Why Is There A Seaplane In The Desert

I got to site at 8am (after very little sleep), ready to join in a workshop. After lunch we went for a drive over the Mountains to the Gulf of Aqaba, then a drive down to Ras Al-Sheikh Hameed. To keep me awake I drove one of the 4x4s.

The sand banks of the Ras Al-Sheikh Hameed used to be the westernmost point of the Kingdom of Saudi Arabia until the cession of Tiran Islands by Egypt to Saudi Arabia in 2017. So today it is the westernmost point of the Saudi Arabian mainland. Egypt is only 10km away (Sharm Al-Sheikh is just 30km over the Strait)

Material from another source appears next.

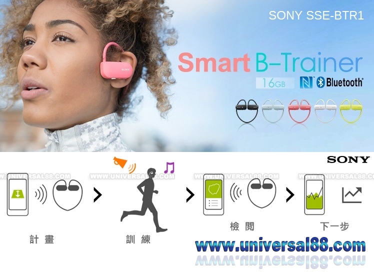 原廠一年保用 SONY SSE-BTR1/Y BLUETOOTH 藍芽立體聲免提 Smart B-Trainer 運動裝置(SSE-BTR1) 6種感測器: 心跳率感應器, GPS, 指南針, 加速度計, 陀螺儀和氣壓計於一身, 能記錄多達11種訓練數據 小巧機身內置6種感測器計算及記錄各項數據 心跳數據更可通過即時計算, 結合訓練清單設定及其他因素, 播放適合節奏的音樂以調節心跳速率 語音導航更可自訂提示時間, 距離, 內容更可因應訓練目的自訂提示數據 於進行訓練時, 語音指引 / 指導會定時提供資訊, 例如您目前的心跳速率和已跑距離, 讓您能專注於訓練上並知道自己 目前的健身情況, 無須查看螢幕或操作任何按鈕 此外, 在付費訓練選單中, 專業教練會以音訊指引提供訓練提示, 藉此更有效地進行訓練 擁有語音記事功能 按住智慧型隨身教練 (SSE-BTR1) 的「備忘」鍵, 當語音指引出現後, 即可錄製自己的聲音, 您可以錄下於跑步時出現的點子和想法 可當作藍芽耳機使用~可連續播放13hr小時的歌曲 5.5小時訓練和音樂(內置儲存) 3小時訓練和音樂(串流) IPX5可沖洗 / 防塵 可在游泳時使用 記憶容量: 16GB (可用儲存容量可能有變化) USB: 高速USB (兼容USB 2.0) 感應器: 心跳率, GPS, 加速度計針, 陀螺儀, 電子羅盤, 氣壓 防水功能: IPX5/ IPX8(IEC 60529)或等效 最高記錄歌曲數量及時間: MP3 128 kbps: 3900, Linear PCM 1411 kbps: 360 操作溫度: 5 °C 至 35 °C 麥克風: 單聲道 輸出: 頻率響應 20至20,000 Hz (於播放數據檔案時,以單一訊號與訊號方式計算) 支援音樂格式 MP3 媒體檔案格式: MP3(MPEG-1 Layer3) 檔案伸延: .mp3, 比特率: 32至 320kbps (支援可變比特率 (VBR)), 取樣頻率*7: 32, 44.1, 48kHz WMA*8 媒體檔案格式: ASF 檔案伸延: .wma, 比特率: 32 至 192kbps (支援可變比特率 (VBR)), 取樣頻率*7 : 44.1kHz Linear-PCM 媒體檔案格式: Wave-Riff 檔案伸延: .wav 比特率: 1411kbps, 取樣頻率*7: 44.1kHz AAC*9 媒體檔案格式: MP4 檔案伸延: .mp4,.m4a,.3gp; 比特率: 16 至 320kbps (支援可變比特率 (VBR))*10; 取樣頻率*7: 8, 11.025, 12, 16, 22.05, 24, 32, 44.1, 48kHz 通訊系統:藍牙規格4.0版本 藍牙規格功率等級2 最大通訊範圍: 約10 米的直線範圍 (30英尺) 頻率波段: 2.4 GHz 頻段(2.4000 GHz - 2.4835 GHz) 相容的藍牙設定檔: A2DP / AVRCP / HFP / HSP / SPP 兼容的編碼解碼器: SBC*5 / AAC 內置可充電鋰離子電池;以USB充電(由電腦透過配備的連接線) 充電時間: 約 1.5小時 (經USB充電) 電池壽命: 訓練模式啟動: GPS 開啟: 約 3小時/約 4.5小時, GPS 開啟 (省電模式): 約 3.5小時/約 5.5小時, GPS 關閉: 約 4小時/約 6小時 音樂播放: GPS 開啟: 約 3.5小時/約 5小時, GPS 關閉: 約 6小時*6/約 13.5小時 重量: 約 43g Remark: Price not including smartphoe <價格不包括智能手機>

From Saudi Arabia Tourism guide
"The large bay on the south west has a peculiar sight, the wreckage of a PBY-5A Catalina, an American military seaplane from the 1930s. It has laid on the beach since  22nd March 1960, when the retired American businessman Thomas Kendall landed near the Ras Al-Sheikh Hameed for a stopover during this trip around the world with his children and his secretary. They spent the night there but the next afternoon they were attacked with machine guns and automatic firearms by Bedouins who believed it was an actual military attack! Mr Kendall tried to start the Catalina but only succeeded to move it over about a kilometer where it ran aground on a coral reef. After more than 30 minutes of intense shooting (300 shots hit the aircraft!) and about 4000 liters of fuel poured into the Red Sea, the whole crew was captured by the Bedouins."